View on Communism

Started by deathesub, April 30, 2011, 02:54:26 AM

Previous topic - Next topic

0 Members and 1 Guest are viewing this topic.

Pointless Digression

Hmmm. A very conservative and skeptical reply. I think I share your unwillingness to make predictions about the far future, but I think it may be on the verge of possibility with nano-assembly to see some parts of a post scarcity society appear in our lifetimes.
         

Jude

I have to confess, beyond a bit of reading I've done on carbon nano tubes, I don't know as much about nano tech as I should.  You could be right.

Xenophile

Post-Scarcity societies can only be possible when we have the kind of surplus energy that is so cheap and so effective, that a handful of people could support thousands, or even millions. That is not possible in the foreseeable future, and it is best give to the speculations of science fiction writers than political scientists.
Ons and Offs
Updated 2011 June 5th A's and A's

TheGlyphstone

Kardachev 1.0 at least, so yeah, way too far away for serious consideration.

Sure

Ultimately, a post-scarcity society is impossible because something will always be scarce. Even if we invented replicators that could make anything, the manufacture, power requirements, and infrastructure requirements (among other things) would be scarce. Prestige would still be scarce, as an intangible. As a tangible, seats for a performance would still be scarce and other such things, as would things with the quality of 'originality'. A replicator can make a perfect replica of the Mona Lisa but it is still not THE Mona Lisa.

Pointless Digression

Quote from: Sure on May 16, 2011, 03:34:40 AM
As a tangible, seats for a performance would still be scarce and other such things, as would things with the quality of 'originality'. A replicator can make a perfect replica of the Mona Lisa but it is still not THE Mona Lisa.
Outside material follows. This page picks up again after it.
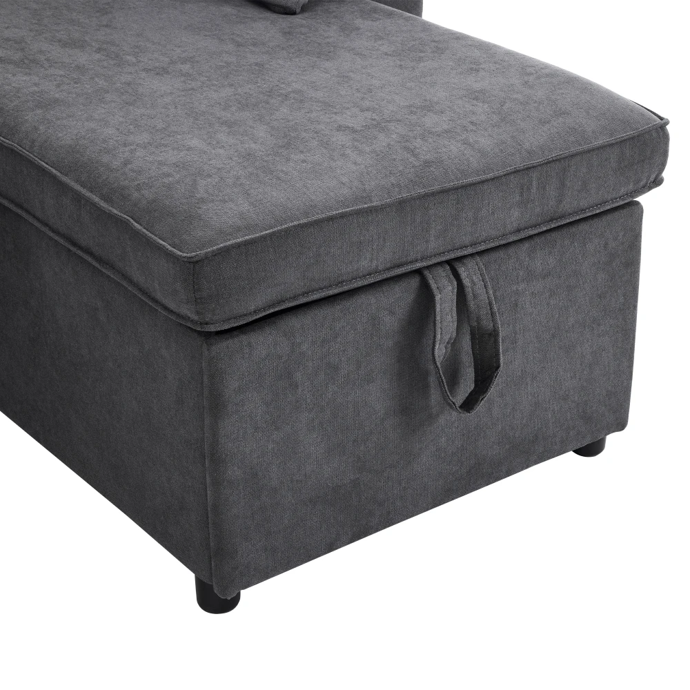 Very practical is also the storage function of this sofa. The hidden storage room under the chaise lounge provides room for books, blankets, pillows and other things of daily necessity so you can keep your living room clean.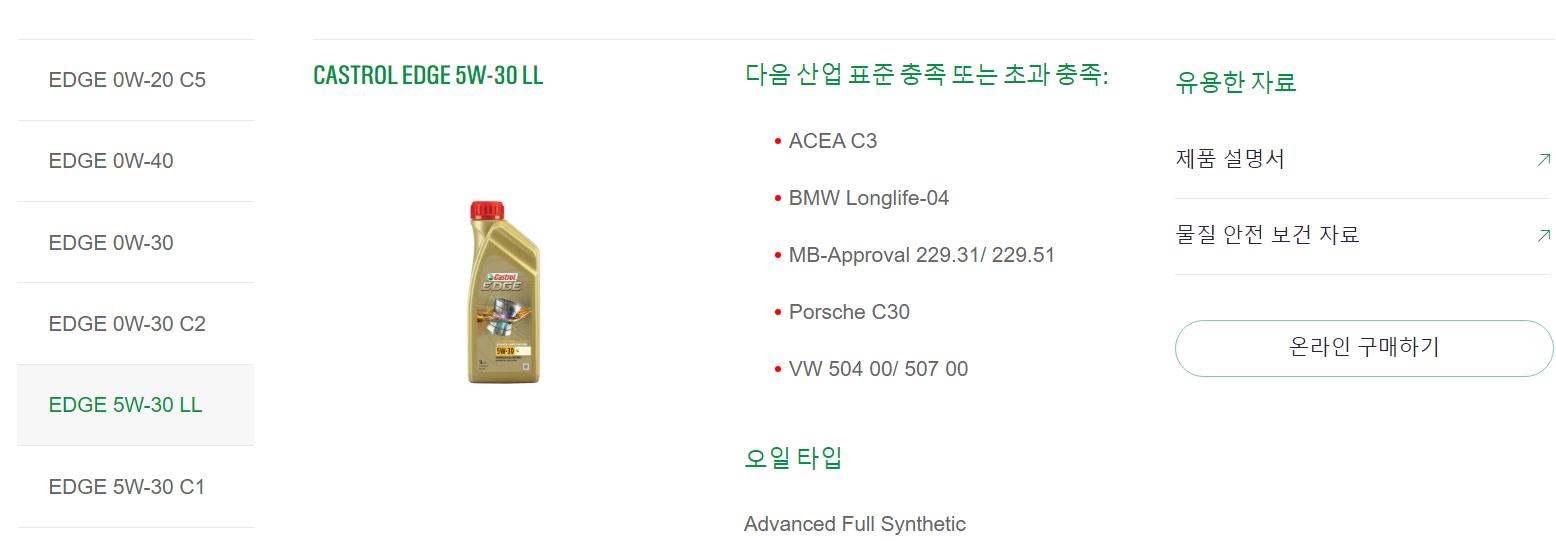 엔진오일 5W30 LL 그룹3 합성유 캐스트롤 앳지 롱라이프 Castrol EDGE LL Longlife 브리티시 페트롤리엄 Brithish Petroleum BP

That's a great topic for a philosophical debate. Let me take the counter position. First of all, this quality of "originality" you mention is impossible to quantify or measure. If I send the Mona Lisa through my nano-duplicator, and it recreates a second Mona Lisa identical to the original down to the brushstroke, down to every last pigment, down to every last molecule and atom, then you would have no way to distinguish between the two of them. If I put my nano-assembled Lisa on the wall at the Louvre, and no one was able to tell that it was a duplication, then it seems to me that they would have the same experience of having seen the Mona Lisa, had whatever personal experience with the artwork that they would have had with the original.

If this quality of originality cannot be demonstrated, if its absence makes no difference to people who encounter the work without knowing its providence, then what difference does it ultimately make whether or not the work was created by da Vinci in the Renaissance or me with my nano-assembler? What is this quality of originality, and why should I consider it?

Second of all, even when we know works of art are replications, it doesn't universally hold in other arts that a duplication is less worthwhile than the original. I have on my bookshelf in front of me As I Lay Dying. It is certainly not a first edition of the book, published in 1930. Nor is it Faulkner's original manuscript. My edition was published by Vintage Books in 1996. Yet the contents of the book are the same; it is the same story that contributed to the body of work that won Faulkner the Nobel in 1949. Even for a work I know at a glance to be a recreation 66 years after first publication, the work affects me no differently than if I had read a first edition, or even the original manuscript. What would I gain by reading a first edition or the manuscript? Consequently, what do I lose in my Vintage edition?

But I digress. Communism, yeah? Still against it.
         

Oniya

Sorry, but when it comes to books, there's a certain thrill in thinking about how many other hands might have handled an older edition.  Of course, I am a self-confessed bibliophile.
"Language was invented for one reason, boys - to woo women.~*~*~Don't think it's all been done before
And in that endeavor, laziness will not do." ~*~*~*~*~*~*~*~*~*~*~Don't think we're never gonna win this war
Robin Williams-Dead Poets Society ~*~*~*~*~*~*~*~*~*~*~*~*~*~Don't think your world's gonna fall apart
I do have a cause, though.  It's obscenity.  I'm for it.  - Tom Lehrer~*~All you need is your beautiful heart
O/O's Updated 5/11/21 - A/A's - Current Status! - Writing a novel - all draws for Fool of Fire up!
Requests updated March 17

Noelle

Art itself has already had a dialogue on the culture of copying, everything from appropriation to plainly taking a picture of a picture, to simply scribbling straight over the Mona Lisa herself. Art has already developed a culture of making prints and replicas -- hell, Degas was making bronze casts of his ballerina sculptures long before anyone even had the discussion about the value of copies. Once the camera came out, all hell broke loose due to the existence of negatives from which you could produce an infinite number more of the same picture.

In some cases, it makes art more accessible. I sell prints of my own work and I can do so cheaply thanks to advent of digital art production. However, in some cases, when it's done correctly, copies and prints are just as subject to supply and demand when they are withheld or made in short supply, driving up the price for especially renowned pieces. That's a slice of capitalism in of itself -- something Mr. Marx probably wouldn't like too well.